Тут неожиданно раздался слегка затуманенный выпивкой голос, скрипящий как фальшивая нота среди этих хорошо воспитанных людей.

— Если бы вы не так их душили поборами, ваших крестьян, у них не было бы, вероятно, такого желания мстить?

Это был Адриан Амель, который, не выпуская из рук бокала, к которому он, казалось, прилип, высказывал свое мнение.

— Не говорите ерунды, Адриан! — вмешался Тремэн, бросив на жену не очень ласковый взгляд. — Господин де Бугенвиль не феодал в тех местах, о которых говорит, и не владелец вотчины. Он простой собственник, как и я. Поэтому у него нет крестьян.

— Нет, — согласился мореплаватель, — но у меня было две пушки: две красивые бронзовые пушки — подарок короля Людовика Пятнадцатого после германской компании, и они очень хорошо смотрелись в саду. Люди из Вильнев-Сен-Жоржа, должно быть, испугались, как бы я не начал стрелять пушечными ядрами: они пришли меня вежливо попросить, чтобы я отдал в их муниципалитет. Я не очень-то понимаю, что они с ними будут делать…

— В тот день, когда они начнут по вам стрелять, вы поймете. Да здравствует муниципалитет города… как вы там его назвали! — воскликнул Адриан, подняв с энтузиазмом свой бокал.

Гийом выпрямился. Больше, чем когда-либо, его лицо казалось вырезанным из дерева.

— Хватит, Адриан! — рассердился он. — Здесь вам не кабак Итак, либо вы замолчите, либо уходите!

— Перед десертом и ликерами? Вы смеетесь! Налейте мне, и я не скажу больше ни слова!

Потантен устремился вперед. Гийом сел. Наступило молчание, которое Жозеф Ингу нарушил, пытаясь все уладить.

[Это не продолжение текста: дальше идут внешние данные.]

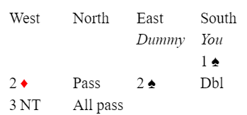 Her er et spill fra en lagturnering i helgen hvor motspilleren på syds plass så optimistisk på det tidlig i motspillet, men så ble han utsatt for et voldsomt press. Da er det om å gjøre for motspilleren å finne ut raskt hvordan det ser ut og forsøke å villede spillefører. For i sånne spill dreier det seg for spillefører ofte om å "lese" sitsen mot slutten.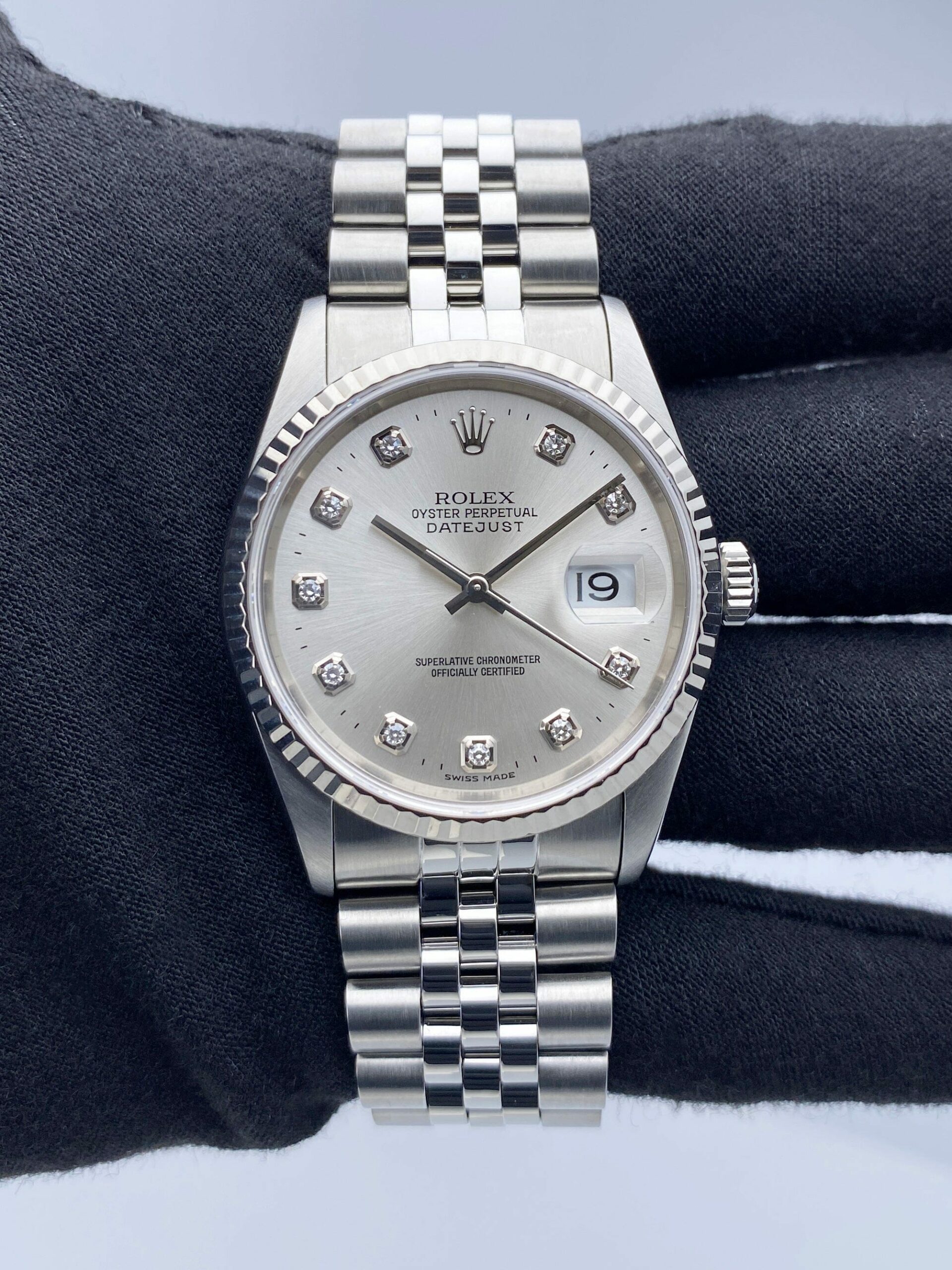 36mm stainless steel case with 18K white gold fluted bezel.??Silver??dial with silver??hands??and original factory diamond set??hour markers
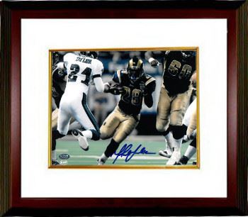 Marshall Faulk was traded to the St. Louis Rams in 1998. Marshall is one of the 3 players (Marcus Allen & Tiki Barber) to reach at least 10,000 rushing yards and 5,000 receiving yards in his career and the only one to have 12,000 yards rushing, 6,000 yards receiving. His seven two-point conversions are an NFL record. His 5 games of 250+ yards from scrimmage and 14 games of 200+ yards from scrimmage are also NFL records. Marshall Faulk is the only player to have 70+ rushing touchdowns and 30+ receiving touchdowns. He was elected to the Pro Football Hall of Fame in 2011. Marshall Faulk has hand autographed this St. Louis Rams 8x10 Photo. Faulk Hologram and Certificate of Authenticity from Athlon Sports Collectibles. Custom White Mat and Premium Mahogany Color Framed as shown.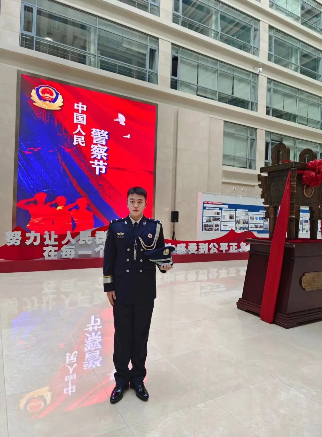 很荣幸加入检察院司法警察队伍中,作为一名新警,在喜迎人生第一个警察节的同时,心中时刻提醒自己要扣好廉洁从检“第一粒扣子”,在岗位中发挥特长,永葆工作激情和对法律的热爱,展现青年干警奋发上进的精神面貌,坚定理想信念,坚持终身学习,强化责任担当,努力为检察事业做出应有的贡献,用实际行动谱写司法警察藏蓝之歌,点缀平安盘锦的温暖灯火。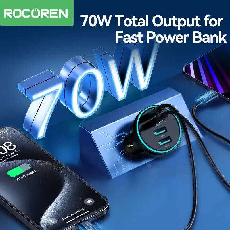 Kfz Ladegerät 70W Zigarettenanzünder Auto Ladegerät für iPhone, Samsung rocoren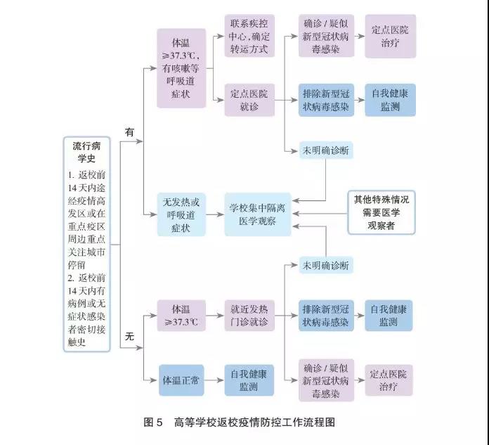 《指南》要求各地各高校在确保安全的条件下,确定返校日程,精准安排教职员工和学生分期分批(建议分日分时段)有序返校。有条件的高校可按照相关要求自行设置集中隔离医学观察区,不具备条件的须联系当地政府协助解决,无法设置集中隔离医学观察区的高校应考虑暂缓开学。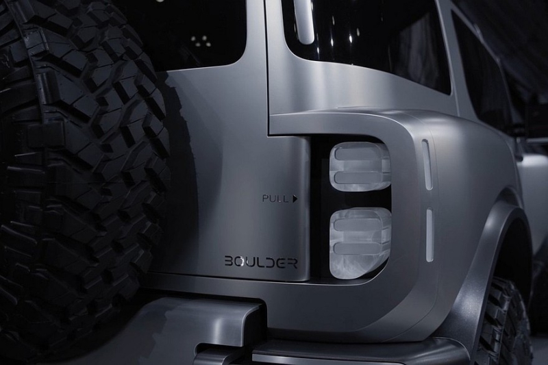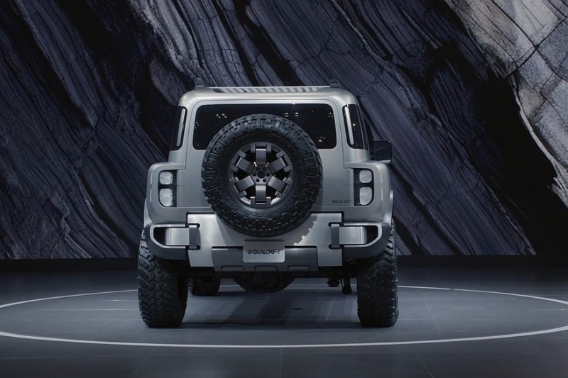 В верхней части дверей есть дополнительные окошки. Распашная багажная дверь с наружной запаской – с «двойными петлями», то есть открывается она в обе стороны. Заднее стекло можно опустить. Наконец, Boulder имеет 37-дюймовые шины. А вот размеры внедорожника компания не раскрыла.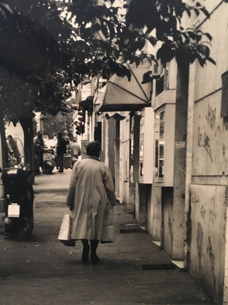 End of the line, Stazione Termini. Then, a quick walk across the square, hoping you won’t have to wait too long for the 64 bus to come trundling up to the first stop in its route. The beginning of the line. Always a seat – not just because I am white-haired, but because that is what it is, the beginning of the line. It might just as well have been the end, for any surviving passengers make haste to leave and catch their trains to somewhere. Through Roman traffic, past the Coliseum, past the Circo Massimo, across the Tiber, through Trastevere, up the hill. Once through the ancient gate, and it’s time to get up and hang on to the strap as the bus swerves sharply to the left, ready to jump off as soon as the corner bar looms into sight. It’s already open, but Carolyn won’t be there till later for the cappuccino and brioche she can’t do without. And, of course, her newspaper. Next to the bar, the Philippinos and Chinese at the pizza place are busy getting ready for the onslaught of students on their way to school. On down the street named after one of Garibaldi’s redshirts. You have to ring your way through two gates and then hope the elevator won’t stop at the wrong floor.

— Будь снисходительным! Естественно, что такие перемены дурманят голову тем, кто их плохо понимает. Они действуют достаточно опьяняюще, если над этим много размышлять, только в одном Шербурге мы видим много тому примеров.

— На которые вы смотрите со снисходительностью,— проговорила Агнес, рассеянно разрезая на части только что поданную гусиную печенку. — Каноник Тессон сказал мне недавно, что в вашем городе — кстати, он многим обязан королю — образовалось что-то вроде клуба по примеру этих якобинцев, которые в Париже, кажется, хотят навязать свои идеи.

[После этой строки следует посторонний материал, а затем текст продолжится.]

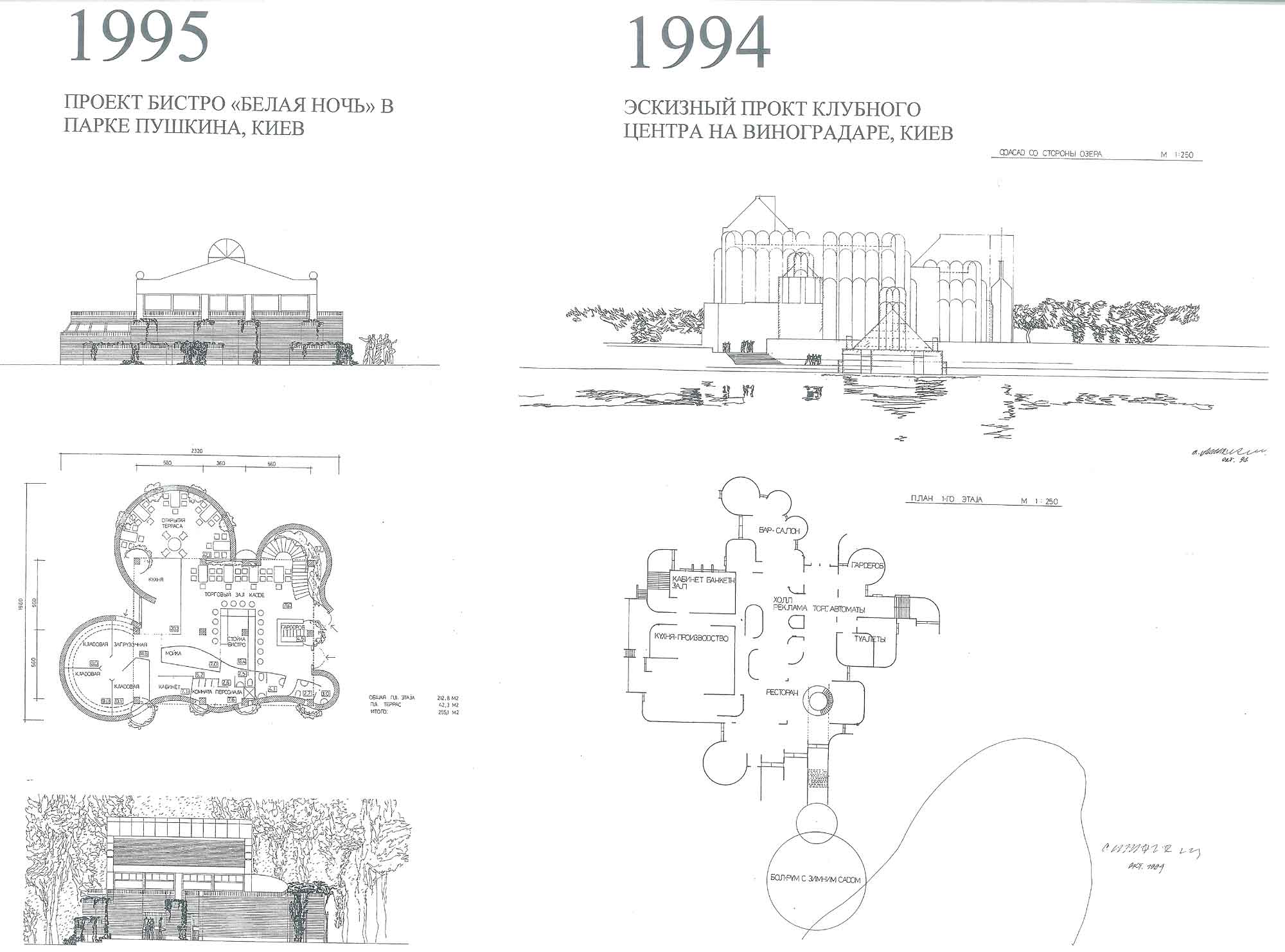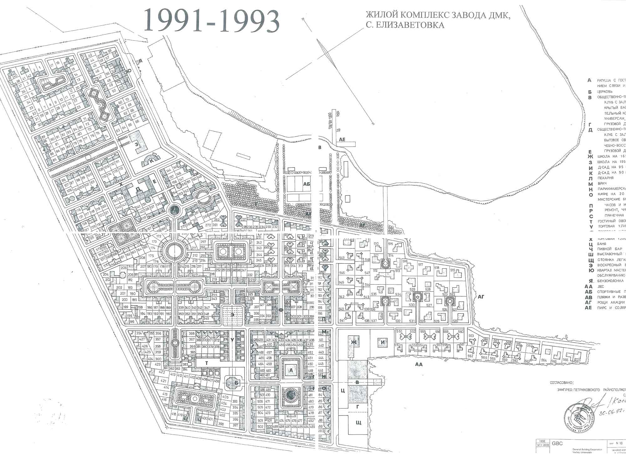 1991-1993 годы. Проект жилого комплекса Днепродзержинского металлургического комбината в п. Елизаветовка (450 жилых коттеджей и таунхаусов) в конструкциях «Пластбау», Швейцария. Подрядчик -Югославская строительная компания. Строительство закончено в 1998 -2000 гг. Автор с коллективом

— Быстро распространяются новости, — удивился адвокат улыбаясь. — Тому всего неделя. Однако наши устремления очень отличаются от целей парижан. Речь идет просто о Литературном обществе друзей конституции, и мы хотим только подавать идеи, информацию, объяснять, просвещать умы, еще мало разбирающиеся в политике…

— …бросать лозунги! Я уверена, что в основном речь идет об этом, — нервно воскликнула молодая женщина.

— Не приписывайте нам дурных намерений, дорогой друг! Мы не забыли ничего из того, что мы должны Людовику Шестнадцатому, хотя работы Великой Преграды прерваны вот уже восемнадцать месяцев. Он всегда может рассчитывать как на наше почтение, так и на нашу преданность.

— И то хорошо!

Думая, что жена, даже любящая, бывает иногда тяжелым крестом, который надо нести, Гийом опустил глаза на в меру поджаренных пулярок, которых Виктор и Август, двое его молодых слуг, только что поставили перед ним. Он любил разделывать их сам и был весьма проворен в этом занятии, которое позволяло ему, подавая их, сказать приятное слово каждому из гостей. Но в этот раз Гийом всадил длинную вилку в спину одной из птиц, угрожающе помахал зажатым в другой руке ножом, потом посмотрел на жену полным упрека взглядом и заявил:

— Мои дорогие друзья, прошу прощения за эти едва заметные выпады рапирой, которые неуместны на обеде по случаю крестин… Вероятно, мы могли бы избежать всего, что может быть предметом раздора, говоря о более приятных вещах? Какими бы мы ни были затерянными на краю нашего Котантена, до нас все же доходят кое-какие слухи, особенно те, что касаются королевского морского флота. Так, — он изящно отделил для госпожи де Шантелу крылышко, которое положил в подставленную тарелку,— командующий фортами Ла-Уг сказал мне на днях, что король подумывает назначить вас адмиралом, мой дорогой Бугенвиль, это является новым доказательством его уважения к вам.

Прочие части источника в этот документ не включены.